*TASK GOAL:* Output every line below as it stands, dropping only the images.
===== INPUT DATA
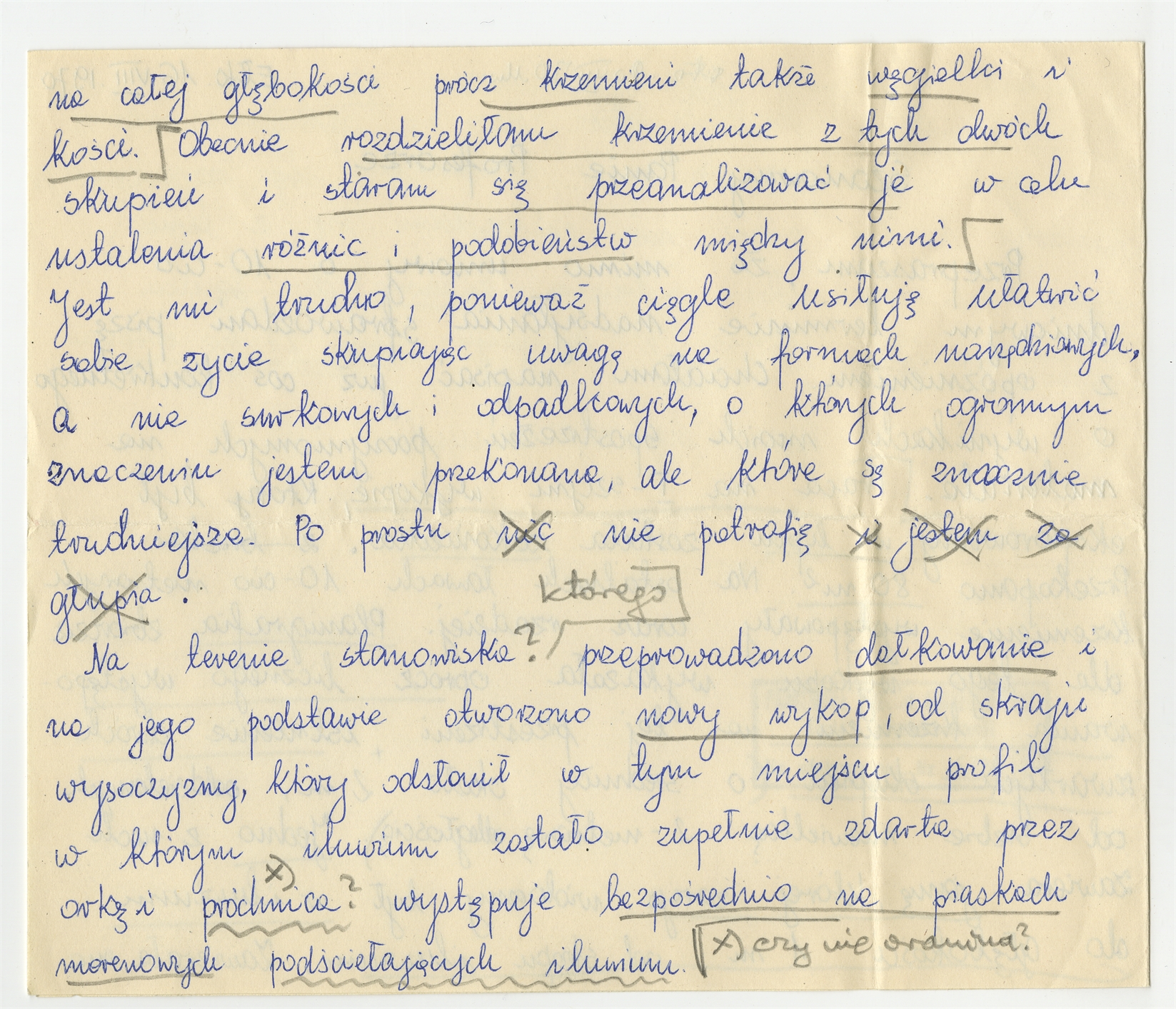 Rękopis – list od Zofii Sulgostowskiej do profesora Stefana Krukowskiego informujący o postępach w pracach wykopaliskowych. Ełk 16 sierpnia 1970 r. str. 2: „Na całej głębokości prócz krzemieni także węgielki i kości (...)”
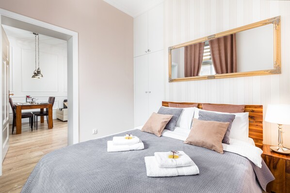 Brand new (commissioned in November 2019), spacious (56 m2) and modern apartment for 4 people. Previously luxury urban residence of Stettiner aristocracy therefore architecture, combining the classic of a 100-year-old building with modernity, interior design and colors of the apartment, refer to the climate of the residence from the turn of the 19th and 20th centuries.. The apartment is located in a historic middle-class house from the end of the 19th century, perfectly situated only 100 m from the central train station and 300 m from the old town at the quiet Zawiszy Square with picturesque view of the river Oder Valley and its islands. At the back of the building there is a free garage. The doors to the staircase and to the apartment are opened electronically . All windows overlook the River Oder . In the apartment there are a free Wi-Fi, wide selection of TV channels and Netflix. living room is linked with seperate kitchen. There are a 49 -inch TV and a comfortable sofa with a large, extendable sleeping space for 2 people i. The kitchen is equipped with all necessary appliances and dishes. Coffee, tea and mineral water are available for the guests free of charge. The bedroom is equipped with a comfortable king-size bed, a spacious wardrobe and a desk; there are also an ironing board, an iron and a drying rack in it. White sheets, pillows and duvets are anti-allergic. The bathroom is equipped with a washing machine, a set of towels and free cosmetics. A baby cot is available on request
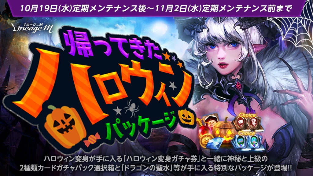 「ドラゴンのダイヤモンド」100個や、「ドラゴンの聖水(イベント)」5個など「アインハザードの祝福」増加アイテムが獲得できるアイテムに加え、定められた確率で各種ハロウィン限定変身が手に入る「ハロウィン変身ガチャ券(イベント)」1個と一緒に、「上級/神秘のカードガチャパック選択箱」1個ずつがセットになった「帰ってきたハロウィンパッケージ」が登場しました。
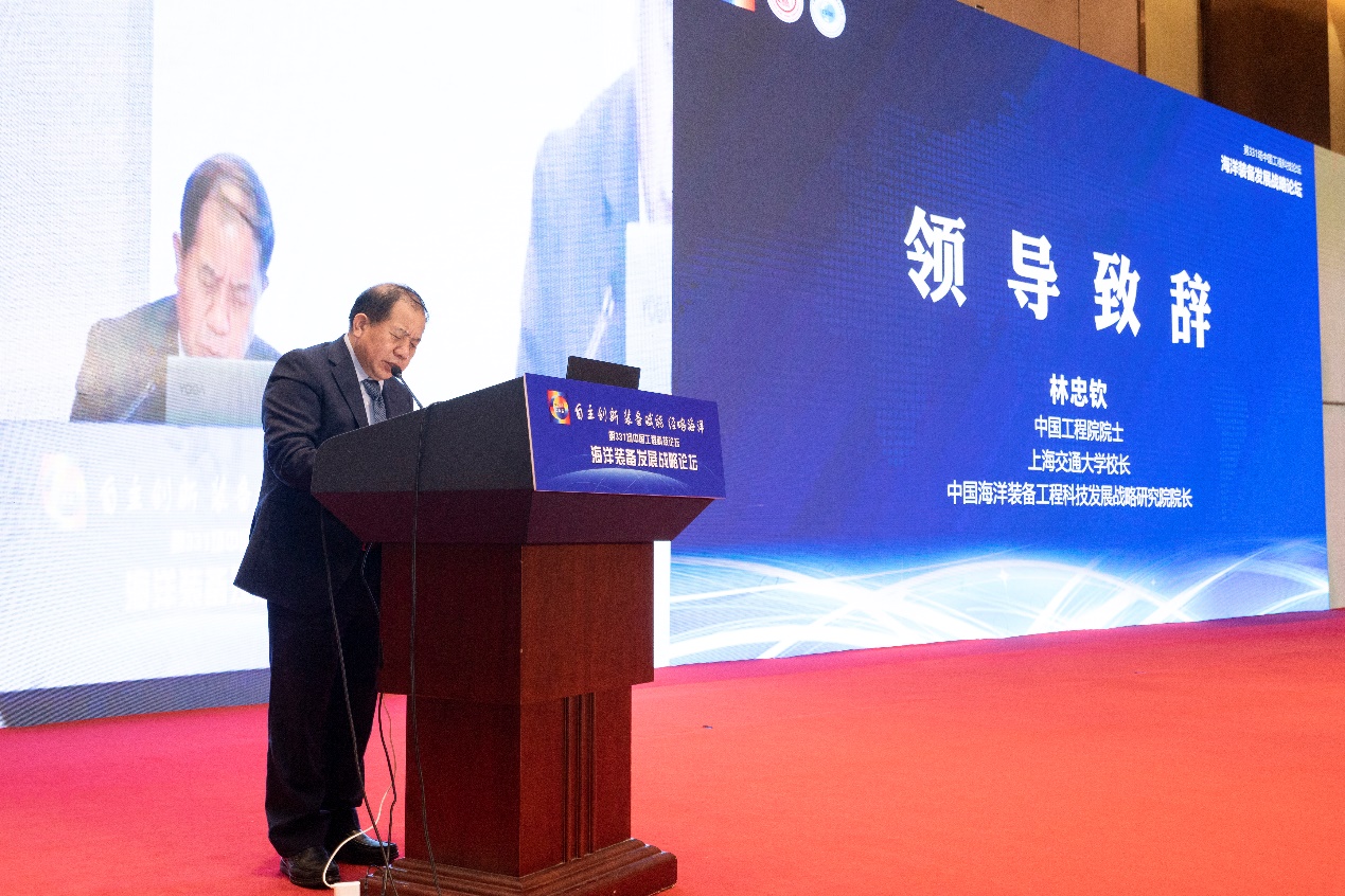 钟志华院士线上致辞,他表示中国工程论坛是中国工程院发挥学术引领作用品牌活动之一,本次论坛是工程院重大咨询项目“海洋装备发展战略研究”的延伸和成果展示,具有重要战略意义和现实价值。希望各位院士、专家、代表在论坛上集思广益、献计献策,共同推动我国海洋装备工程科技加快发展,助力我国海洋强国建设。
==========
*WRITTEN REPLY:*
 Rękopis – list od Zofii Sulgostowskiej do profesora Stefana Krukowskiego informujący o postępach w pracach wykopaliskowych. Ełk 16 sierpnia 1970 r. str. 2: „Na całej głębokości prócz krzemieni także węgielki i kości (...)”
 Brand new (commissioned in November 2019), spacious (56 m2) and modern apartment for 4 people. Previously luxury urban residence of Stettiner aristocracy therefore architecture, combining the classic of a 100-year-old building with modernity, interior design and colors of the apartment, refer to the climate of the residence from the turn of the 19th and 20th centuries.. The apartment is located in a historic middle-class house from the end of the 19th century, perfectly situated only 100 m from the central train station and 300 m from the old town at the quiet Zawiszy Square with picturesque view of the river Oder Valley and its islands. At the back of the building there is a free garage. The doors to the staircase and to the apartment are opened electronically . All windows overlook the River Oder . In the apartment there are a free Wi-Fi, wide selection of TV channels and Netflix. living room is linked with seperate kitchen. There are a 49 -inch TV and a comfortable sofa with a large, extendable sleeping space for 2 people i. The kitchen is equipped with all necessary appliances and dishes. Coffee, tea and mineral water are available for the guests free of charge. The bedroom is equipped with a comfortable king-size bed, a spacious wardrobe and a desk; there are also an ironing board, an iron and a drying rack in it. White sheets, pillows and duvets are anti-allergic. The bathroom is equipped with a washing machine, a set of towels and free cosmetics. A baby cot is available on request
 「ドラゴンのダイヤモンド」100個や、「ドラゴンの聖水(イベント)」5個など「アインハザードの祝福」増加アイテムが獲得できるアイテムに加え、定められた確率で各種ハロウィン限定変身が手に入る「ハロウィン変身ガチャ券(イベント)」1個と一緒に、「上級/神秘のカードガチャパック選択箱」1個ずつがセットになった「帰ってきたハロウィンパッケージ」が登場しました。
 钟志华院士线上致辞,他表示中国工程论坛是中国工程院发挥学术引领作用品牌活动之一,本次论坛是工程院重大咨询项目“海洋装备发展战略研究”的延伸和成果展示,具有重要战略意义和现实价值。希望各位院士、专家、代表在论坛上集思广益、献计献策,共同推动我国海洋装备工程科技加快发展,助力我国海洋强国建设。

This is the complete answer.